And Now Comes the Departure

29 Playtime

Playtime is my kind of film, because it is so reliant on its visuals. I've always considered visuals to be my favorite element of cinema (if I were forced to pick a favorite) because pictures transcend words and shatter language barriers. The beauty of Playtime is that anyone in the world can watch it and be delighted by its various gags. What Playtime asks of us is nothing too daunting and I don't see the film as intimidating. We are not tied down to the story and we are free to roam the space of the frame. We are tourists in the film, and its inherently visual nature should speak to people of all languages.

If we can be tourists in our own home, town, or city, we will realize how many delightful details there are. The final scenes of Playtime, for instance, are like a wonderful farewell to the tourists. It's as if the city is begging them to stay and enjoy their carnival for just a little longer (and the traffic circle is decidedly like a merry-go-round).
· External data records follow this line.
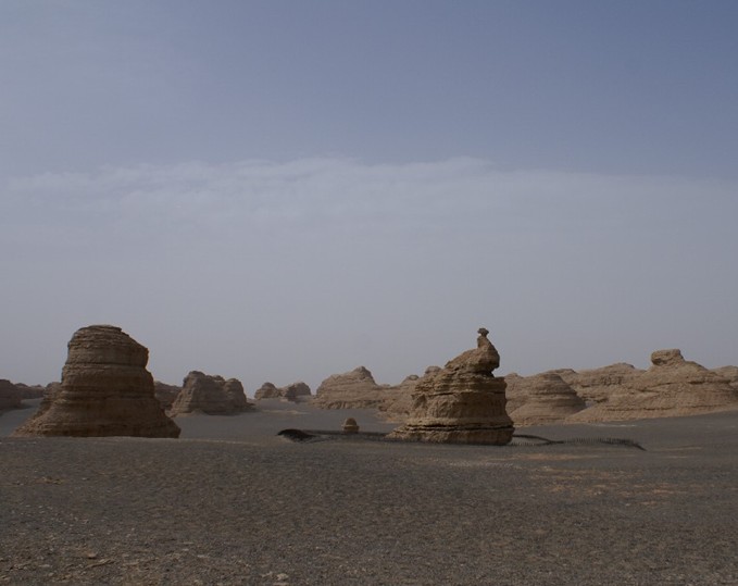 在若羌縣境北部的羅布泊地區(qū),有著大片“雅丹”風(fēng)蝕地帶,他大至分布在羅布泊的東西北三面,其中以羅布泊東面的雅丹地形最為典型。這片風(fēng)蝕地東西寬約35公里,南北長約100公里,面積達3500平方公里,崗阜上,覆蓋著一層白色的鹽堿土層,有的是一層很厚的精鹽,另有一部分崗阜,本身就是白膏泥,他們在清晨陽光的映照下,反射出燦爛的銀光,因此,古書稱其為“白龍堆"。
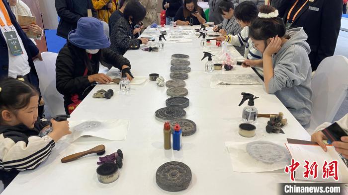拓印體驗區(qū)排起長龍,“大家還是比較愿意去體驗和感受的,通過自己動手,最后的作品還可以互相對比,做完以后還是很開心的,而且各個年齡層,老人孩子都有參與?!痹茖芯吭汗ぷ魅藛T李朋飛介紹。
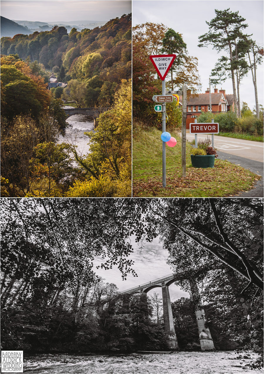 This was a special day in so many ways. Not only are this pair very much in love, WORE LOADS OF AMAZING TWEED and had their lovely dog Henry there in a family tartan bow tie –but Tim and Tom are close family friends! So my mum was there (and delivered a lovely poem about how love is like owning a dog!) and another close family family friend Gill (Tim’s Auntie) presented the wedding ceremony with Tom’s special Auntie Lynn. So it was a lovely family affair, and a beautiful day to boot! Trevor is in the rolling hills of the Welsh Marches, near Wrexham, and sports a fantastic giant iron aquaduct. Castles dot the hills, mist sits in the valleys and the turning leaves were in every shade of autumn, like natures very own firework display!
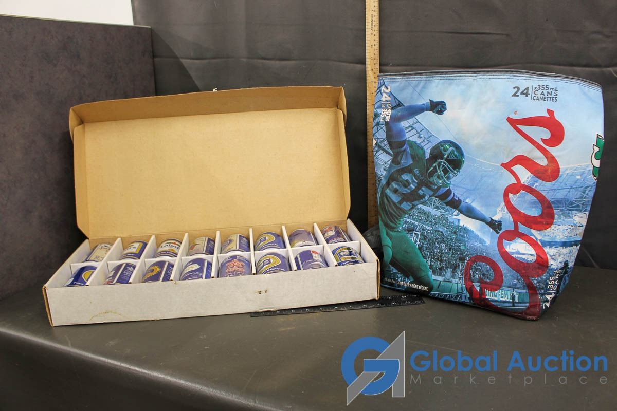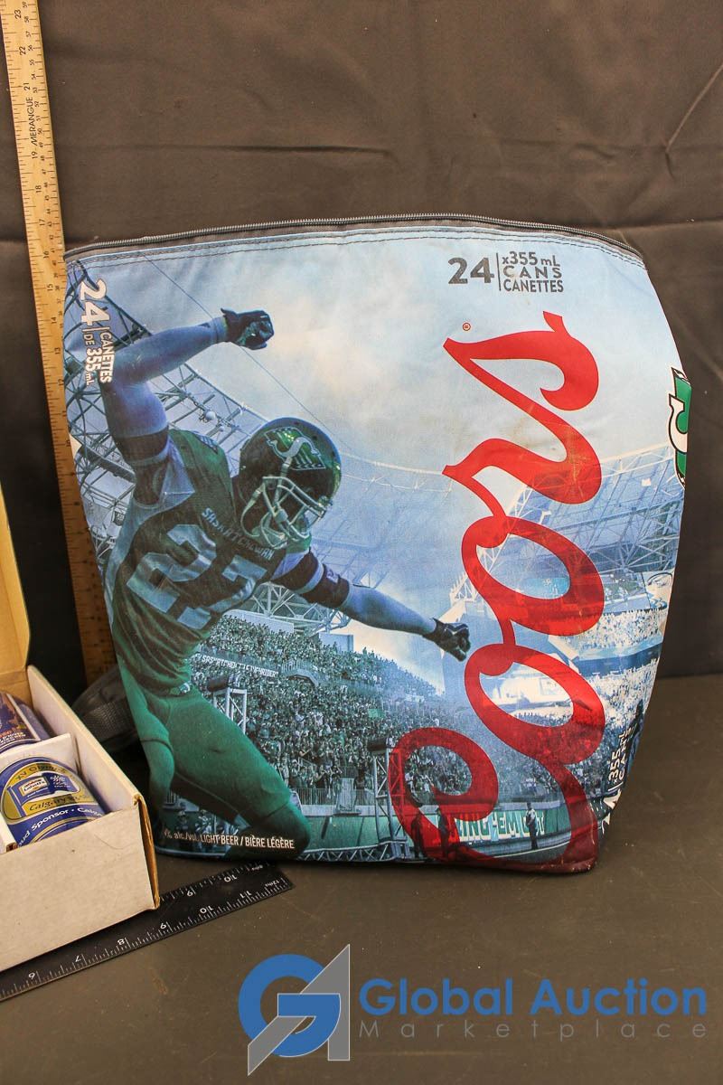 Coors Sask Roughrider Cooler Bag and Labatts Case Of Olympic Beer (Full)
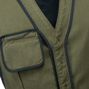 Bastian ist eine klassische Weste mit V-Kragen. Auf den ersten Blick. Auf den zweiten, dritten und vierten Blick offenbart Bastian die vielen Geheimnisse, die josef & anna so besonders machen. Beginnen wir beim Material: Eine Baumwoll-Leinen Mischung mit einem Hauch von Elasthan. Das vereint den kühlen Charakter mit modernem Anspruch an Bewegungsfreiheit und weichem Griff. Diese moderne Version des trachtentypischen Jägerleinens haben wir gemeinsam mit einem österreichischen Stoffhersteller exklusiv entwickelt. Doch damit nicht genug. Bastian wird im Stück gewaschen und gefärbt, was der leicht changierenden Optik des Leinens ein mattes Finish verpasst. Der Rücken des V-Gilets ist aus farblich abgesetzter Baumwolle, genau genommen Chambray in Satinbindung. Das garantiert, dass Bastian über einem Hemd oder unter einem Sakko gut rutscht. Eine optische Raffinesse aller josef & anna Westen: Zwei Zentimeter länger als Standard-Westen, können sie auch solo getragen werden. Überzeugend sind auch Bastians innere Qualitäten: Handwerklich besonders aufwändige Verarbeitung wie die eingebandelte Leistentasche oder die feine Paspelierung zeugen vom sartorialen Charakter unserer Stücke.
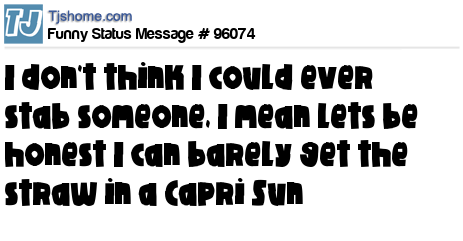 - # 152922 I don't think I could ever stab someone... I mean lets be honest. I can barely get the straw through a Capri Sun
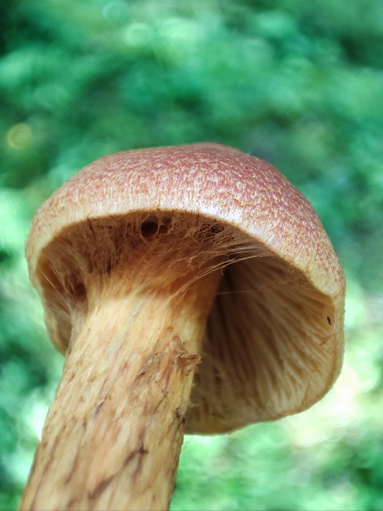 菌蓋和菌柄之間有很多絲,故得名絲膜菌
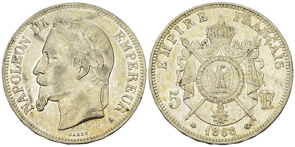 France, 2nd Empire. Napoléon III. AR 5 Francs 1868 A (25.11 g), Paris.
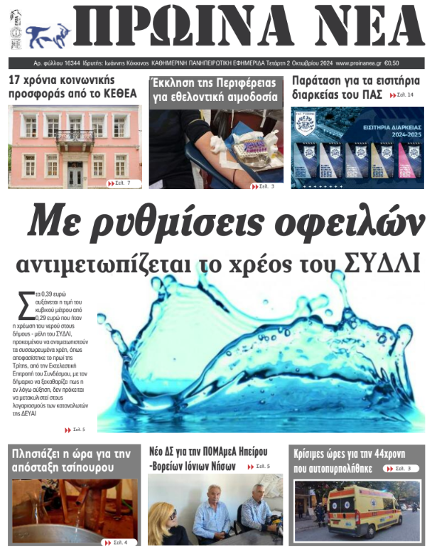 Διαβάστε στα πρωτοσέλιδα των γιαννιώτικων εφημερίδων της Τετάρτης 2 Οκτωβρίου
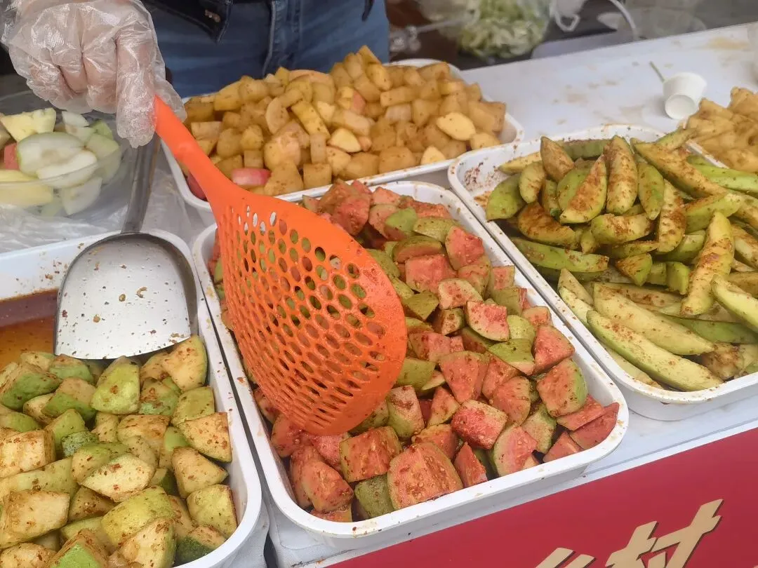 酸嘢是广西最具代表性的街头小吃,被列入广西自治区非遗名录。本着来广西总要吃一次酸嘢的念头,我们花10块钱买了一盒酸嘢,果然集酸、甜、香、辣、脆等各种口味于一体,是一种独特的味道体验。
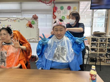 「似合ってますか?」という問いに、利用者様からは「一番可愛いよー」と謎の一言が。。。
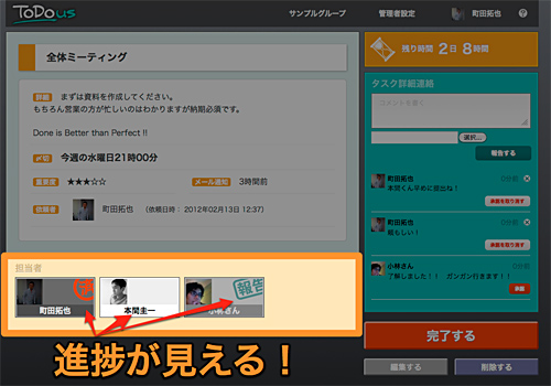 さらに、メンバーのタスク進捗状況がひと目でわかるよう、なじみのある「済」や「報告済」など、わかりやすい表示を採用。見落としのないタスク管理を実現する。また、それぞれのタスクにコミュニケーションシートを備え、「ホウレンソウ」をより簡単に実施することができる。このほか、「ありがとう」ボタンを押すことで簡単に感謝の気持ちを伝えられる「みんなの連絡帳」を画面右側に搭載する。
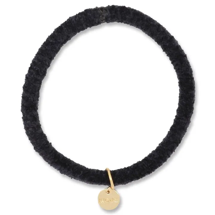 髪を優しく結びたい方におすすめの、カジュアルでキレイめな印象のヘアゴム 「ブラック」はオンオフ問わず、どんな服にも迷わず付けられる万能カラー。 短い毛足が特徴的なカジュアルでキレイめな印象のヘアゴムです。モコモコの繊維が優しく髪をキャッチしてくれるので、ゆるく結んでも取れにくいヘアゴムです。モコモコ部分は優しく滑らかな仕上がりなので、髪に絡まる心配もありません。 髪を優しくまとめたい方や、しっかり結んだ際、髪にヘアゴムの跡が残ってしまうのが気になる方(※)はぜひ試してみてください。緩めのお団子やルーズヘアにもおすすめです。 ※髪に跡になりにくいようお作りしておりますが、効果には個人差があります。 オリジナルチャーム付きなので、手首につけても素敵にキラリ。うっかり机に置き忘れてもひと目で自分のものと分かります。 1本1本、手作業でゴムリングの接着加工をしています。金属のパーツでゴムをかしめているヘアゴムの場合は、髪の毛が引っかかると切れてしまいますが、当社の製品は、つなぎ目がほとんど分からず、髪の毛にも優しいです。 直径:約48mm、太さ:約6mm、プレートの直径:約8mm 材質:アクリル・天然ゴム・真鍮 日本製
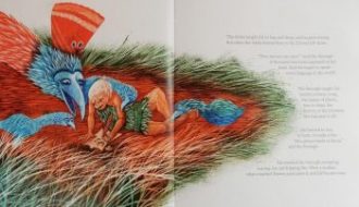 Then father and son (with some special feathers from the phoenix’s tail) travel home to be welcomed by an overjoyed mother. He adds a fiery phoenix feather for protection to his new crown
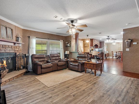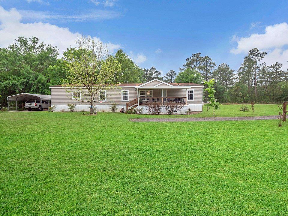 Immaculately maintained home on just over 19 acres. Down the long winding drive, you'll find the homesite is located in the most favorable location on the property allowing for optimal privacy. The home has been improved with a large covered front deck(4 years old), large covered back deck(2 years old), some fresh paint, some new flooring & baseboards. Inside is spacious featuring 2 living rooms, formal dining room, large kitchen, breakfast area, and a split bedroom floor plan for privacy to master bedroom. Master bedroom is size-able and boasts a newly remodeled bathroom and a huge walk-in closet. Family room offers a brick surround wood-burning fireplace. Step outside to find a stand-alone carport, storage shed, koi pond & 24x18 pole-barn with enclosure and all has electric connected. RV pad/hook up on site. 2 year old 5 ton HVAC until with new ductwork. Cross fencing allows for multiple uses for the property whether pasture, gardening or one section as currently used, a food plot. Yard is planted with a banana tree, Japanese persimmon, orange tree, fig tree, pear tree, blueberry bushes, grape vines, blackberries, banana tree and bahia grass. Head to the north eastern corner of the property where there is a roadway across the creek taking you to multiple ponds, a cleared area where there is a food plot, feeder, tripod and ladder stand. This portion of the property backs up to San Pedro Bay Hunting Club. Deer, turkey and wood ducks frequent this property often!
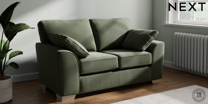 7.3.1 Buy Stamford 2 Seater Small Sofa Relaxed Linen Look Dark Green Large Square Angle - Chrome Metal from the Next UK online shop Click here to use our accessible website
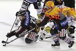 The PostFinance Top Scorer is awarded annually to the Swiss National League (NL) and Swiss League (SL) player who leads the league in points at the end of the regular season. The reigning Top Scorer from each team wears a yellow flame-emblazoned shirt and helmet in all playoff games. Once the qualifiers have taken place, the player with the most points in the league is then crowned the PostFinance Top Scorer of the NL or SL.
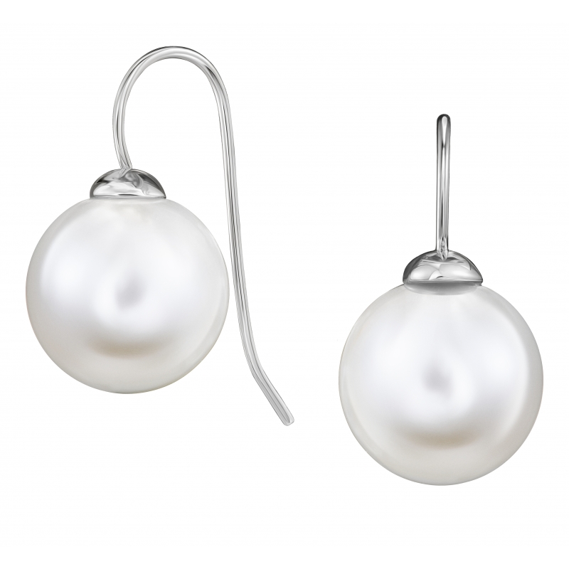 Traveller Oorhangers Haak - geplatineerd - 12mm parel wit

The film is akin to as if we were sitting on a park bench or in a crowded market and just observing whatever comes our way. We may zone out, but something is bound to capture our eye. It's the little things that are so delightful and make life worth living (I'm repeating myself, I know), and many of the films I like acknowledge this. Sometimes, we may lose sight of this, which is precisely why a vacation can be so invigorating and refresh our view of the world and its wonderful details and coincidences.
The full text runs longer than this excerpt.